Feral: kamu kenapa fit?? Katakan padaku!
Mama Feral: kamu kenapa?? Bilang sama mama! Apapun yang terjadi, mama akan tetap sayang kamu!
Kakak Feral: iya fit, kamu udah kita anggep keluarga sendiri kok.
Fitrus: Semuanya…. fitrus minta maaf….. fitrus ga bisa ngasih keturunan… (hiks..hiks..)
*efek musik: jeng jeng!!*
1. *kamera full shoot wajah fitrus*
2. *kamera full shoot wajah mama Feral - ditambah gerak slow motion*
3. *kamera full shoot wajah kakak feral - ditambah gerak slow motion*
4. *kamera full shoot wajah feral - ditambah geleng-geleng slow motion*
Kemudian adegan kaget ini diulang-ulang dengan urutan yang berbeda:
2,4,1,3. 4,1,2,3. dan seterusnya sampai dengan dua menit kedepan. What a
waste!!!
4. Tidak Masuk AkalAlur cerita paling standar biasanya antara si miskin dan si kaya. Mereka
sama-sama jatuh cinta, tapi tidak direstui. Akhirnya munculah
rencana-rencana jahat dari pihak-pihak yang tidak merestui ini (biasanya
datang dari ibunya si kaya). Berbagai hal dilakukan oleh pihak-pihak
ini agar mereka tidak bersama.
Jika rating filmnya semakin meningkat, maka hal-hal yang tidak masuk di
akal mulai bermunculan, seperti; si miskin ditabrak mobil, dia mati dan
sudah dikuburkan, tapi beberapa tahun kemudian dia hidup lagi.

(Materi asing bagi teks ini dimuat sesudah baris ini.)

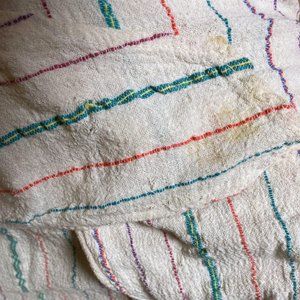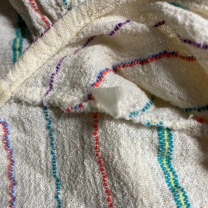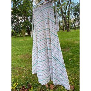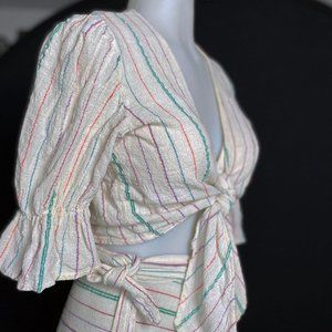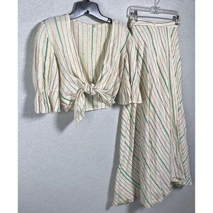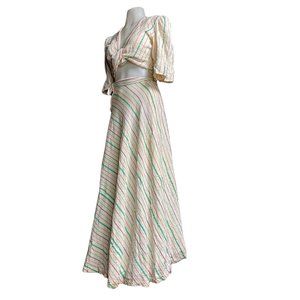 Vintage 1970's 2-pc matching wrap skirt and tie-front crop top. Off-white / ivory with multi-color diagonal pinstripes. Cropped blouse has half-length bell sleeves. Tag is very worn so I'm unable to make out the size or fabric content, material feels like a lightweight cotton gauze.
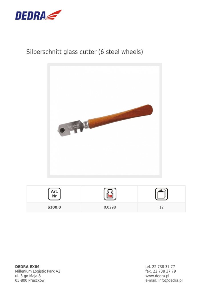 Silberschnitt glass cutter (6 steel wheels) S100.0 DEDRA EXIM Millenium Logistic Park A2 ul. 3-go Maja 8 05-800 Pruszków 0,0298 12 tel. 22 738 37 77 fax. 22 738 37 79 www.dedra.pl e-mail: [email protected]
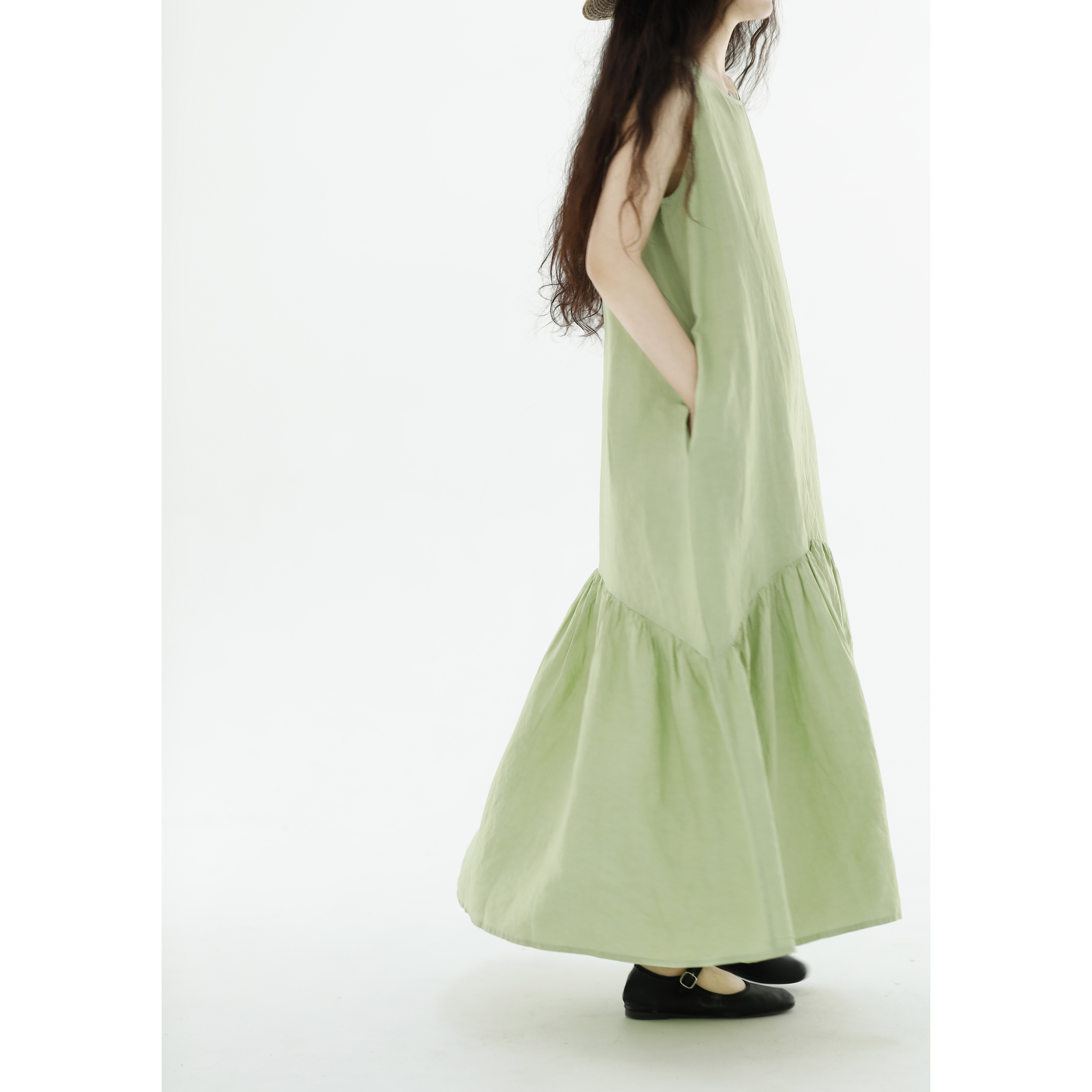 复述人丝亚麻小清新绿色无袖 连衣裙干爽挺括感浅葱绿鱼尾背心裙女
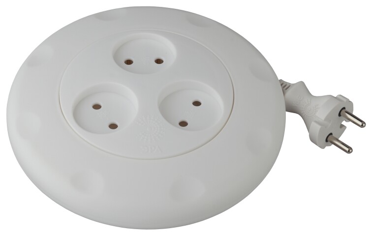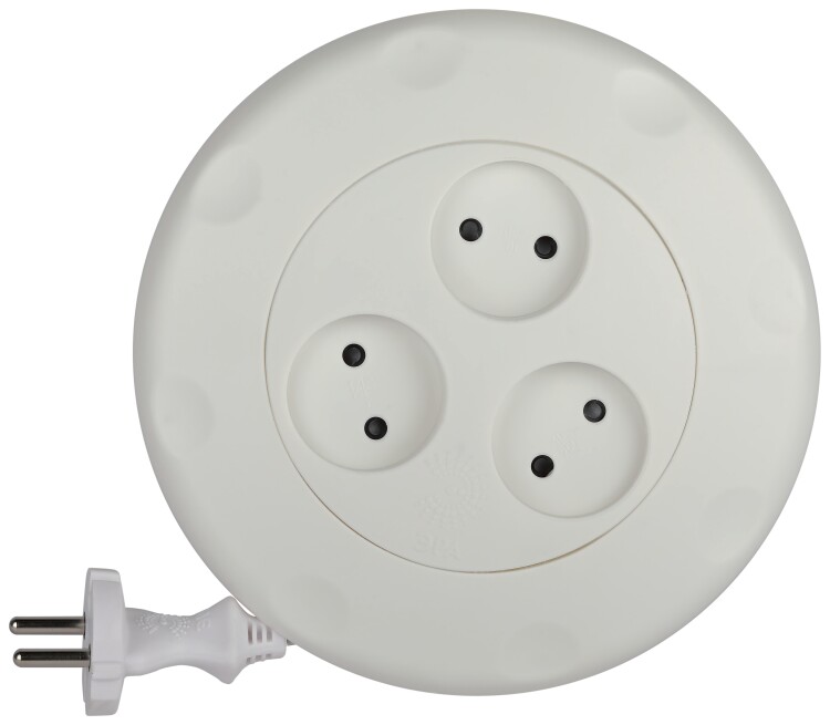 Удлинитель, 3 розетки, длина 3 м, 10А, ПВС 2х0.75 мм?, б/з, IP20, полипропилен, белый, рулетка, UR-3-3m-W
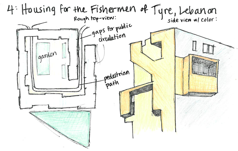 tyre housing.pngAnother type of “shared control” explored in our course was that of a housing cooperative for the fisherman of Tyre, Lebanon. The structure is semi-enclosed with shared common areas but with many gaps for circulation with the outside world.
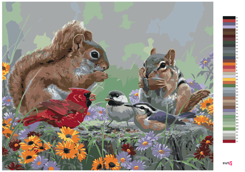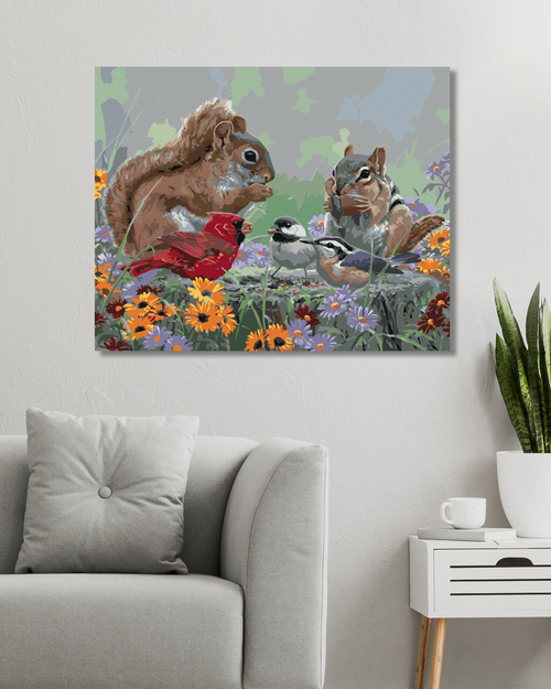 Dropship Paint by Numbers - CHIPMUNK, SONGBIRDS AND FLOWERS (ABRAHAM HUNTER)
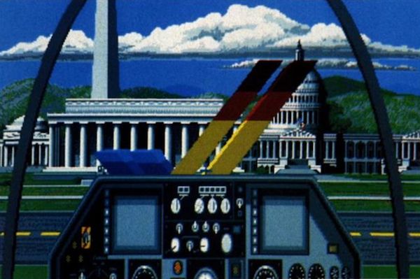 Anflug auf das Amiga-Symbol vor der Kulisse Washington
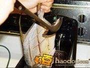 炒锅上火,一手拿着鱼,一手用油往鱼身上淋使其定型。
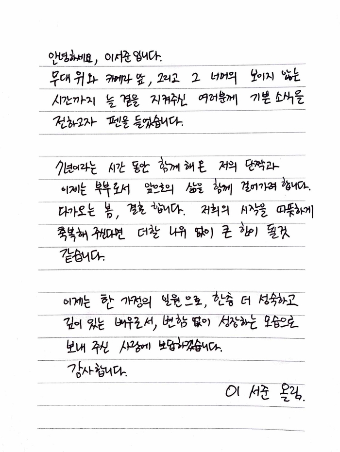 이서준은 9일 자신의 SNS를 통해 정성스럽게 적은 자필 편지를 공개하며 팬들에게 결혼 소식을 직접 알렸다.

Atau cerita tentang si tokoh utama, yang baik tapi miskin. Hidupnya
selalu saja kesulitan, seakan-akan seluruh dunia berkonspirasi untuk
membuat dia selalu susah. Misalnya: Si miskin baru saja di pecat dari
kantornya, sehingga dia tidak punya duit untuk bayar kontrakan, yang
sialnya, si pemilik kontrakan tega untuk ngusir si miskin dan
keluarganya. Akhirnya mereka pindah kerumah saudara. Tapi ada saudaranya
yang benci dengan si miskin ini. Dibuatlah rencana jahat untuk mengusir
mereka, dan rencananya berhasil!. Secara kebetulan, si miskin diterima
kerja, sehingga dia dan keluarganya dapat kembali mengontrak rumah.
Sayangnya ibu si miskin sudah tua dan sering sakit. Ketika ia sedang
memasak, ia pingsan, sehingga rumahnya terbakar. Akhirnya mereka harus
menumpang dirumah salah satu keluarga. Seriously? Again??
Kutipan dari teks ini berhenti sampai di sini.